▸ **WORK TASK**
Among the entries below, only the lines from the one with "-Remote controller for" through the one with "給食の変わりピザは、ぎょうざ" are wanted, reproduced exactly. Pictures are not wanted.

▸ **MATERIAL PROVIDED**
------------------------------------

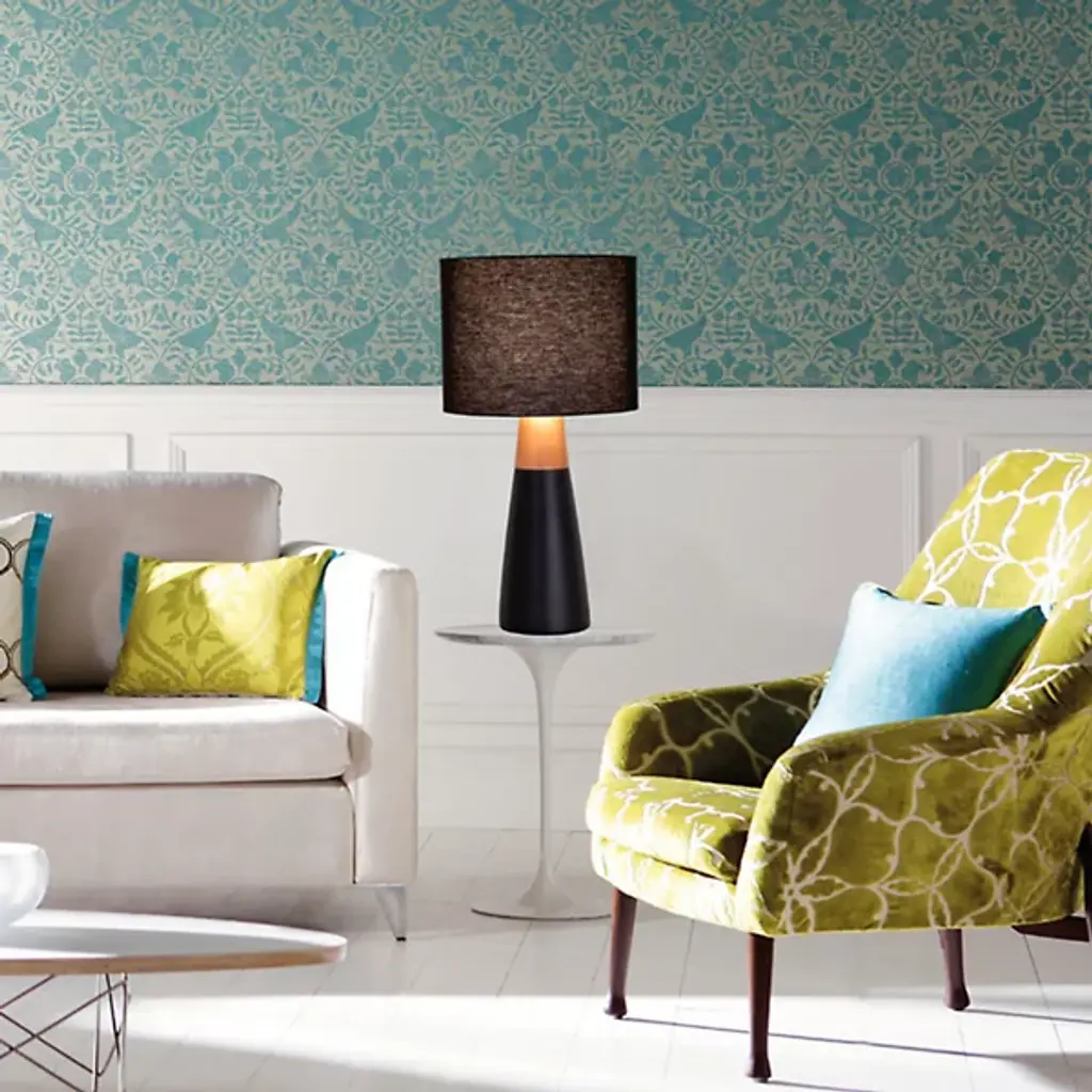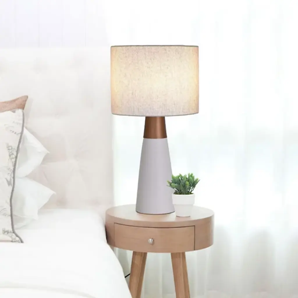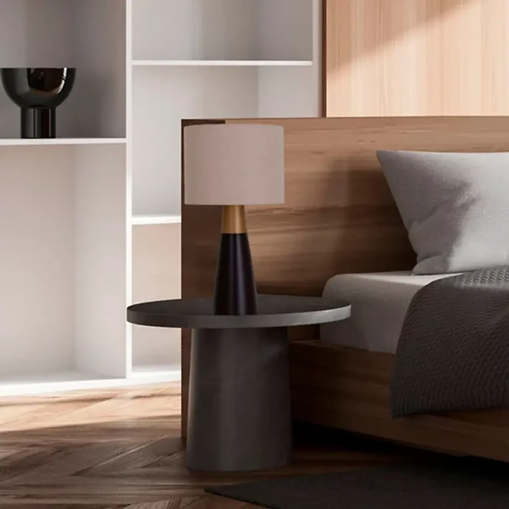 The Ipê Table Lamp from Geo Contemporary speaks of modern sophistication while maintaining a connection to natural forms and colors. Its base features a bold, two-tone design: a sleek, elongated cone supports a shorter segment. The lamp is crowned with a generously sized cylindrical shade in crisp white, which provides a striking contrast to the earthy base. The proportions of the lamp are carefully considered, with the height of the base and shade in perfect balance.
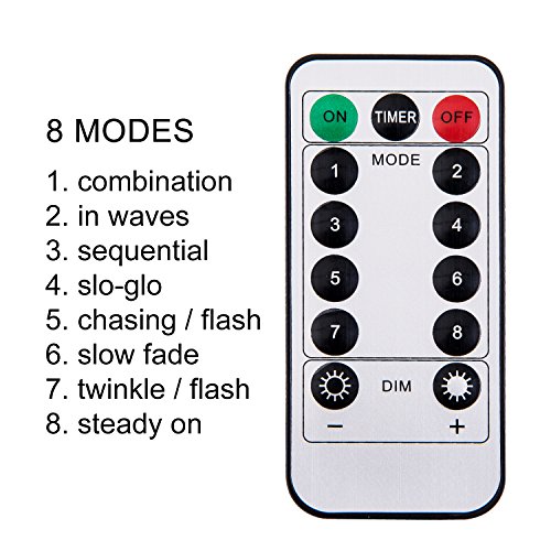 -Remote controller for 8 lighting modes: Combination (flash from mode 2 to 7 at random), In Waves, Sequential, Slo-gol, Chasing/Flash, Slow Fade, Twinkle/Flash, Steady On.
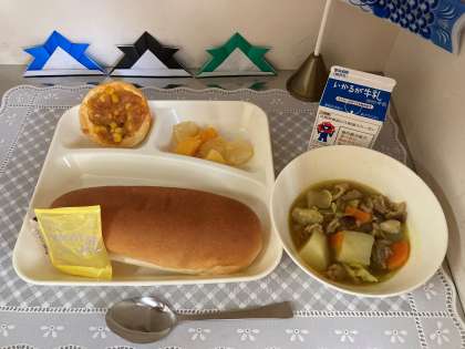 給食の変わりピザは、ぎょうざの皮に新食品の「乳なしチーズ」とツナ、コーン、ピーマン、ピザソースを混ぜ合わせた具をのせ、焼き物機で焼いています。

------------------------------------

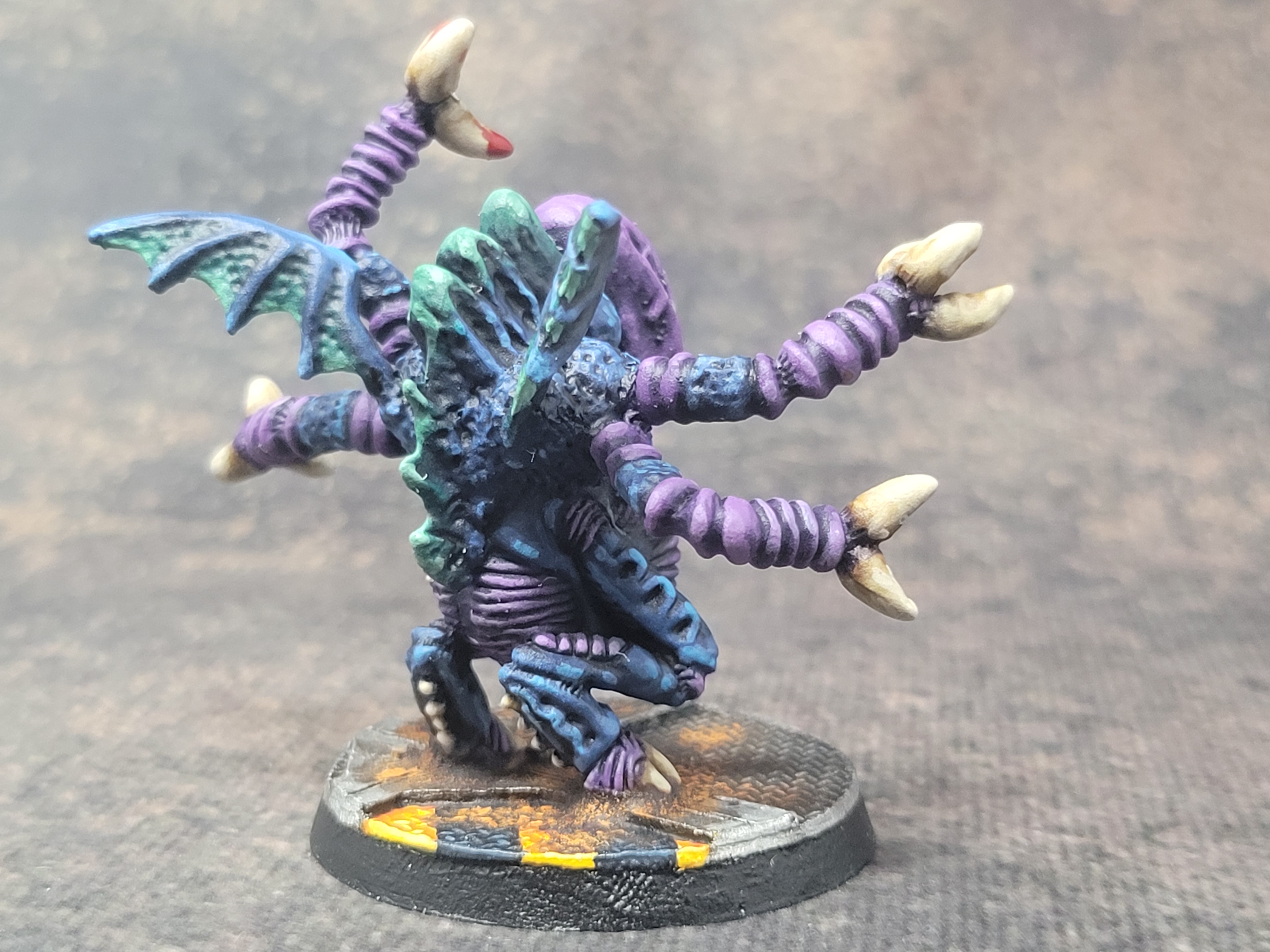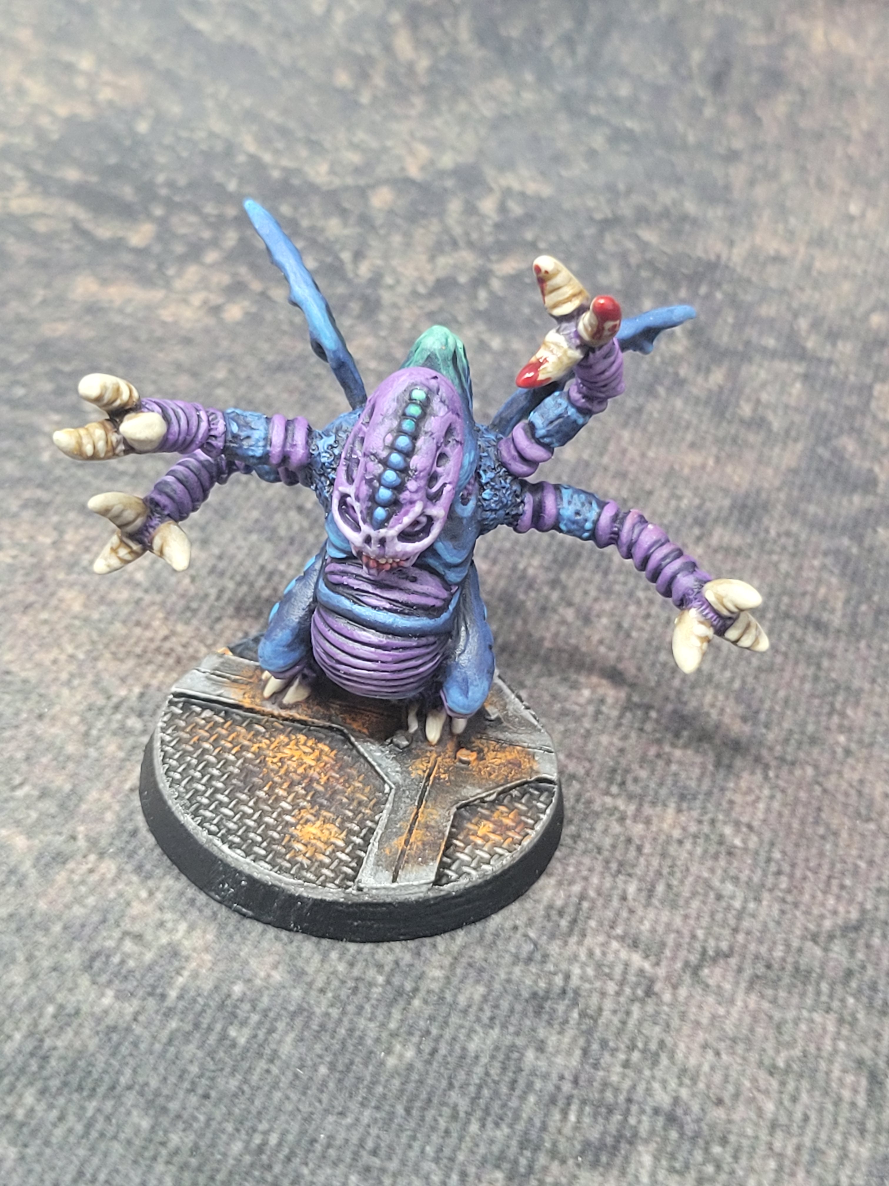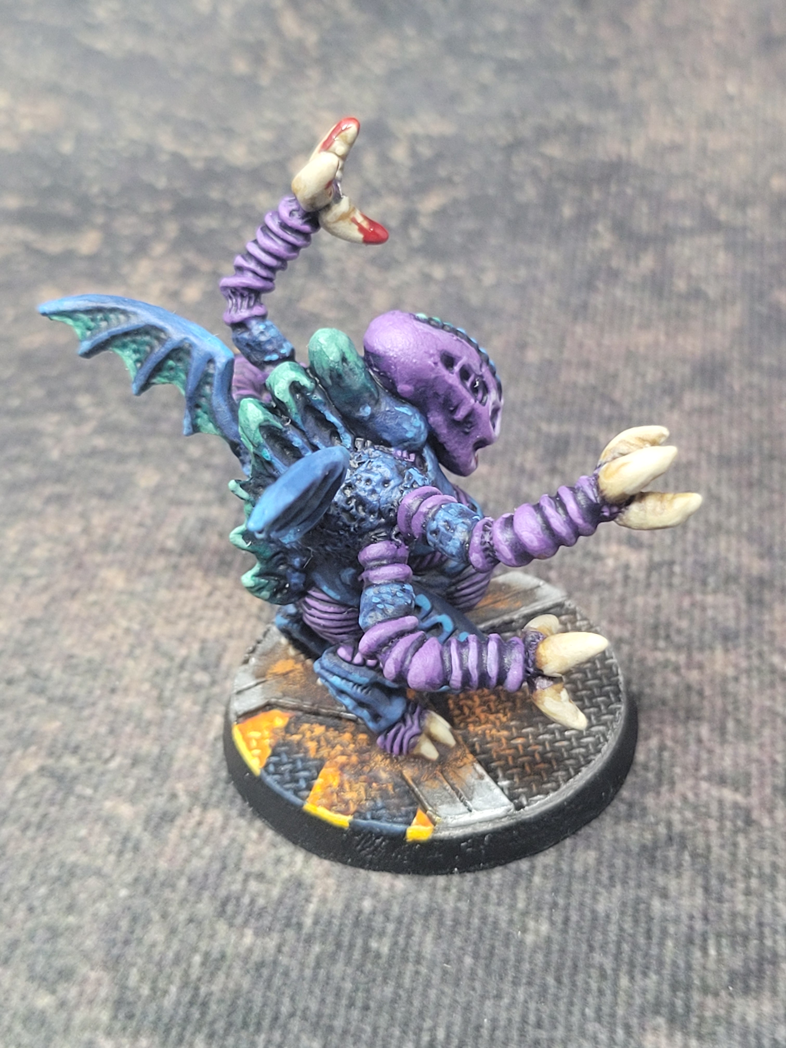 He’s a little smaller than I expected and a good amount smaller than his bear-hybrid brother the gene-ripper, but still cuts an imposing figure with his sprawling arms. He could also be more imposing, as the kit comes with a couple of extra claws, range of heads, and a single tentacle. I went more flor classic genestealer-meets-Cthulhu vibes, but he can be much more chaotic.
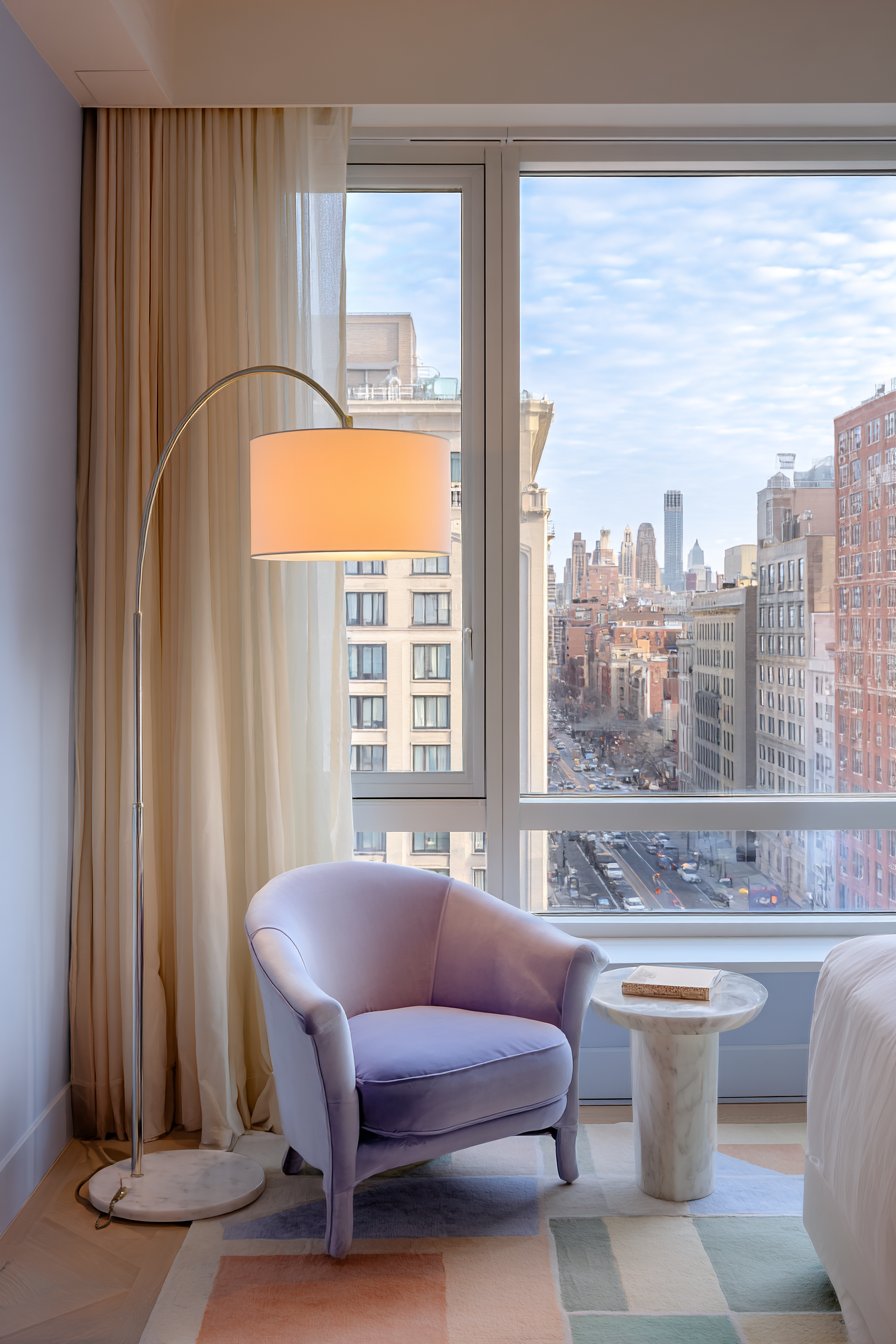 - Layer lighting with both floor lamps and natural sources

------------------------------------

▸ **ANSWER BELOW**
 -Remote controller for 8 lighting modes: Combination (flash from mode 2 to 7 at random), In Waves, Sequential, Slo-gol, Chasing/Flash, Slow Fade, Twinkle/Flash, Steady On.
 給食の変わりピザは、ぎょうざの皮に新食品の「乳なしチーズ」とツナ、コーン、ピーマン、ピザソースを混ぜ合わせた具をのせ、焼き物機で焼いています。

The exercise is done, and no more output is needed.